Work spaces for writers take many forms.
Update as of 19 March 2020: My workspace looks different now. We came back home from our big adventure, and I had my little home office back for a while. With all the COVID-19 stuff going on in the world, my husband was allowed to bring his work computer home and work here, so I ceded my home office to him. I am now working on just my blogs and taking a break from freelance writing to concentrate on homeschooling, so my home office looks like the dining room table whenever I’m actually working. I also assume most people are now avoiding coworking spaces, and most coffee shops have closed their doors for the time being, so some of the info below is outdated. Still, this post shows you what some writer’s lives are/were like when it comes to their work space. Below is he original post.
For the rare breed of writer who works in-house at publishing houses, magazines and newspapers, the work space may be a cubicle or a desk in an open concept office. But for the rest of us, who live the freelance life, things look different.
Some of us have cloffices. Others have a dedicated office in their homes. Yet others make use of coworking spaces. And for some writers, their backpack is their office, and they take it wherever they go, from coffee shops to libraries, or even the beach (though I’ll never understand how people work with glare and sand nearby… not the most conducive to laptop work, in my humble opinion).

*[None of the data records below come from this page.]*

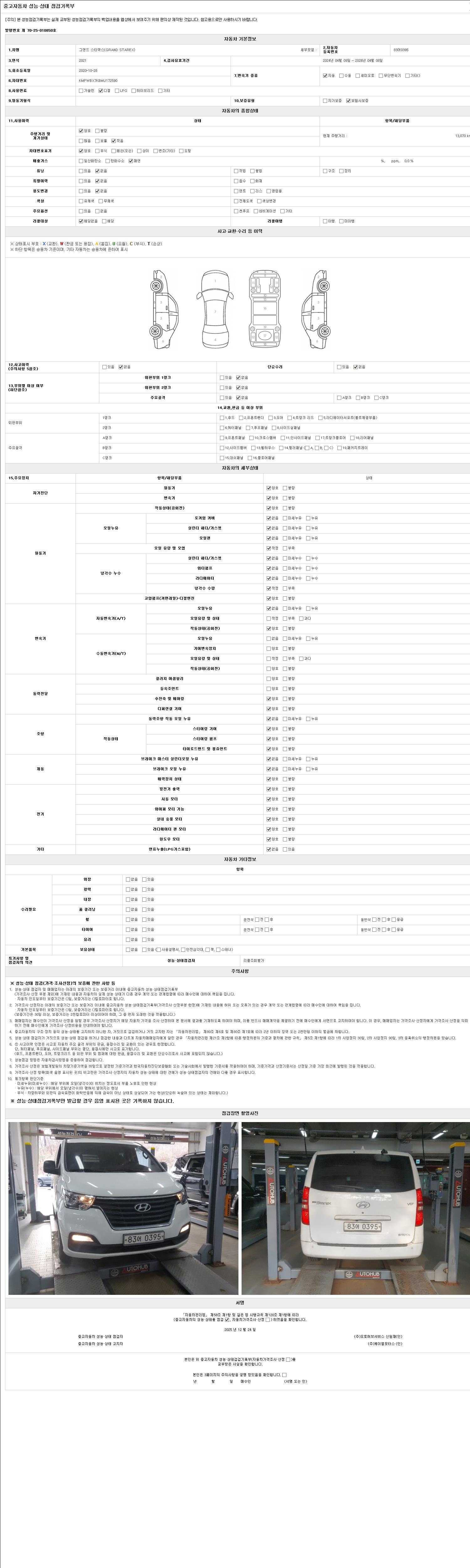 자동차관리법 시행규칙 제120조의 규정에 따라 별지 제 82호서식 《중고자동차 성능, 상태점검 기록부》를 발행한 성능, 상태점검자 및 매매자는 아래의 보증기간 또는 보증거리 이내의 중고자동차, 성능점검 기록부에 기재된 내용과 자동차의 실제 성능, 상태가 다른 경우 계약 또는 관계법령에 따라 매수인에 대하여 책임을 집니다.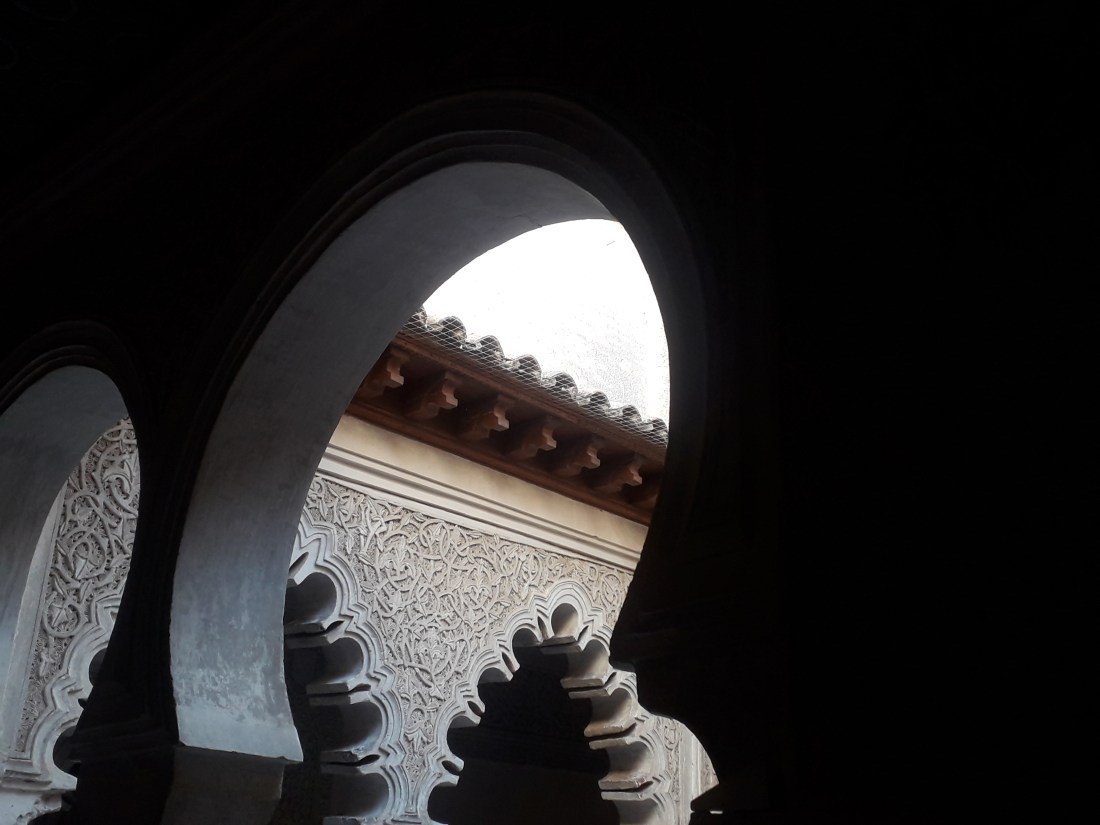 La suite de la visite nous a menés dans un magnifique patio, mudéjar lui aussi. Les arcs en fer à cheval datent de l’époque almohade. Les arcs polylobés sont également typiques de l’architecture hispano-musulmane. D’autres éléments, comme le carrelage au sol et les boiseries, datent seulement du XIXe siècle. Voici quelques photos de cet endroit magique :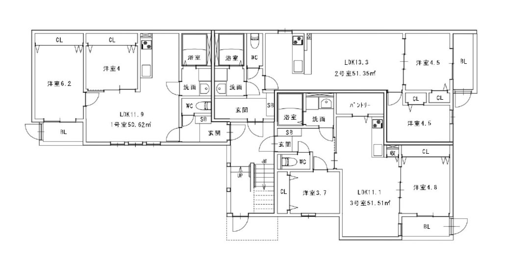 | 間取り | 2LDK | 面積 | 50.62~51.51㎡ |

After seeing a few too many gorgeous home offices on Instagram, I was curious to know what more “normal” freelancers’ offices look like. For those of us who don’t ride on how our office looks for page views, I was pretty sure our offices wouldn’t look as pristine as these Instagram posts. And don’t get me wrong—I actually love seeing those pristine offices. It’s just not reality for me and for many freelancers. Here’s my reality:
As most people who follow me on Facebook or Instagram know, I’m currently on a 1-year road trip with my husband and three kids. I don’t have an office; I basically just work wherever in the RV no one else is bugging me (which is hard to find sometimes).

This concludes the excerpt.